I should get a life, I know, but I can’t help myself, one of my favorite pastimes is figuring out new ways to wrangle information. One of the reasons that IronPython had me at hello is that, my fondness for the Python programming language notwithstanding, IronPython sits in an interesting place: on Windows, side by side with Office, where a lot of information gets wrangled — particularly in spreadsheets.
There are now two interestingly different IronPython applications that marry Python and the spreadsheet. The first, Resolver One, I wrote about last year and featured in a screencast. In this case, IronPython runs the whole show. It drives the user interface, and it also drives the recalculation engine.
More recently Blue Reference, whose Inference suite integrates statistical and analytical tools like MATLAB and R into Office, has taken a different tack. Its Inference for .NET taps the general-purpose scripting capabilities of the dynamic .NET languages, including IronPython and IronRuby.
Now to be clear, I’m not in Blue Reference’s target market. Their customers are doing scientific and technical work that benefits from the ability to embed live R or MATLAB analysis into documents. I don’t know, but would be curious to find out, how those folks — or others — might also want to leverage more general-purpose glue languages like IronPython or IronRuby.
In any case, there are clear tradeoffs between the two approaches. With Inference, the IronPython engine is loosely coupled to the Office apps. That buys you the full fidelity of the applications, but costs you Pythonic impedance.
With Resolver One there is no impedance. The application and your data are made of Pythonic stuff. You give up a ton of affordances in order to get that unification, but it enables some really interesting things.
Here’s one example: row- and column-level formulae. This is a pretty handy idea all by itself. Instead of putting a formula into the first row of a column and then copying it down, you put it into the column header where it applies to the whole column automatically.
He starts with a worksheet of People:
In a second worksheet, he aggregates by Country, like so:
|Country||People||Number of People||Average Age|
Here’s the column-level formula that does that:
=[person for person in <People>.ContentRows if person[‘Country’] == #Name#_]
In other words, for each row make a list of People whose Country attribute equals the value in the Name column of the row. And stick that value into the current cell. If you’re familiar with Python, you’ll notice that the syntax — [<Eric>,<Kyle>] — looks like how Python prints out a list. That because it really is a Python list sitting in that cell.
Now the other columns can refer to that list. Here’s Number of People:
Here’s Average Age:
=AVERAGE(person[‘Age’] for person in #People#_)
This idea of having live Python objects sitting in a spreadsheet is what really grabbed me the first time I saw Resolver, and it still does.
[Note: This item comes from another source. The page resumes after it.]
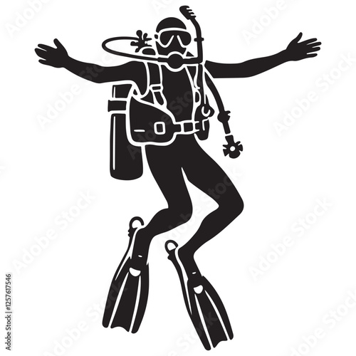 Scuba Diver Silhouette Vector Illustration with Arms Wide Open

Here’s another little example of my own. Yesterday I was revisiting some of the code I used in my crime analysis project. These kinds of projects invariably turn into pipelines that transform data one stage at a time. Typically I store those intermediate results in files, which tends to be awkward.
This time around, I did the pipeline as a Resolver spreadsheet like so:
The column-level formula on D combines the fields in A, B, and C into an URL-encoded string in D.
The formula on E calls a geocoding service with an URL made from the string in D and puts the XML result in E.
The formula on F parses the XML in E, creates a Python dictionary, and dumps that into F.
The formulae on G and H extract the lat and lon values out of the object in F and stick them into G and H.
I dunno, maybe it’s just me, but I think that’s cool.